• **Data shown**:

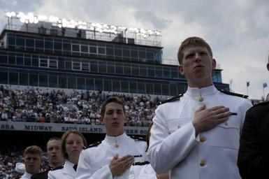 Keywords: US Navy 050527-N-0295M-007 Newly commissioned Ensigns and Second Lieutenants sing the U.S. Naval Academy alma mater Navy Blue And Gold.jpg en Annapolis Md May 27 2005 Newly commissioned Ensigns and Second Lieutenants sing the U S Naval Academy alma mater Navy Blue And Gold as part of the 2005 Graduation and Commissioning Ceremony at the U S Naval Academy Nine hundred seventy-six Midshipmen graduated from the U S Naval Academy and became commissioned officers in the U S Military President George W Bush delivered the commencement address and personally greeted each graduate during the ceremony The men and women of the graduating class were sworn into the Navy as Ensigns or into the Marine Corps as Second Lieutenants U S Navy photo by Photographer s Mate 2nd Class Daniel J McLain RELEASED 2005-05-27 050527-N-0295M-007 Navy http //www navy mil/view_image asp id 24783 U S Navy photo by Photographer s Mate 2nd Class Daniel J McLain PD-USGov-Military-Navy Graduation and Commissioning Ceremony May 27 2005 |
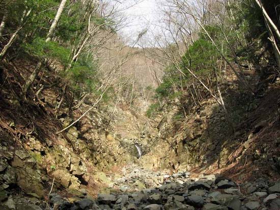 始めの滝は傾斜強く、岩は脆そうなので右から巻く。残りは楽勝な簡単な登り。小滝群を過ぎると水量はグンと水嵩を減らす。そしてガラ場状の沢が奥に伸びる。そのガラ石を踏んで上を目指す。
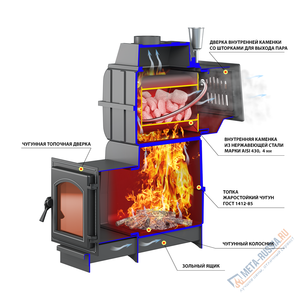 Чугунная печь для бани ВЕЗУВИЙ Легенда Русский Пар Ковка 18 (Дверь: 270)? — это дровяная печь для бани с закрытой каменкой, мощностью 18 кВт.
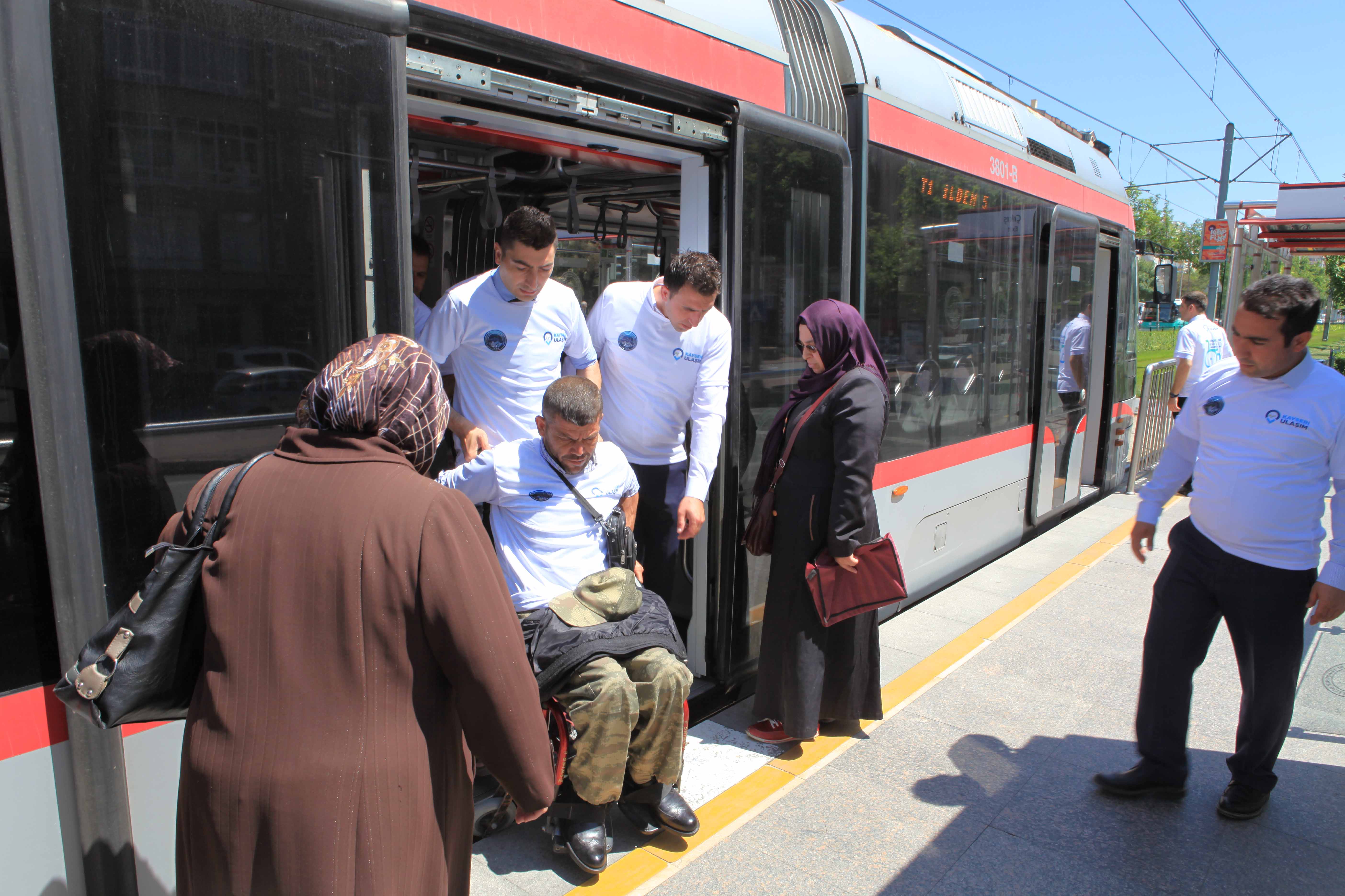 Tekerlekli sandalye ile raylı sistem aracında yolculuk yapan engelli vatandaşlar ise raylı sistem aracıyla rahatlıkla yolculuklarını yapabildiklerini, Engelli Erişim Personelleri’nin ise kendilerine çok destek olduğunu, zorlandıkları noktalarda hızlı bir şekilde yardıma koştuklarını ve bu hizmeti sağlayan Büyükşehir Belediyesi ve Ulaşım A.Ş. yetkililerine teşekkürlerini sunduklarını dile getirdiler.

• **Task instructions**:
Write out exactly the lines from the line containing "Чугунная печь для" through the last line of the listing above, please, and leave out any pictures.

• **Final answer**:
 Чугунная печь для бани ВЕЗУВИЙ Легенда Русский Пар Ковка 18 (Дверь: 270)? — это дровяная печь для бани с закрытой каменкой, мощностью 18 кВт.
 Tekerlekli sandalye ile raylı sistem aracında yolculuk yapan engelli vatandaşlar ise raylı sistem aracıyla rahatlıkla yolculuklarını yapabildiklerini, Engelli Erişim Personelleri’nin ise kendilerine çok destek olduğunu, zorlandıkları noktalarda hızlı bir şekilde yardıma koştuklarını ve bu hizmeti sağlayan Büyükşehir Belediyesi ve Ulaşım A.Ş. yetkililerine teşekkürlerini sunduklarını dile getirdiler.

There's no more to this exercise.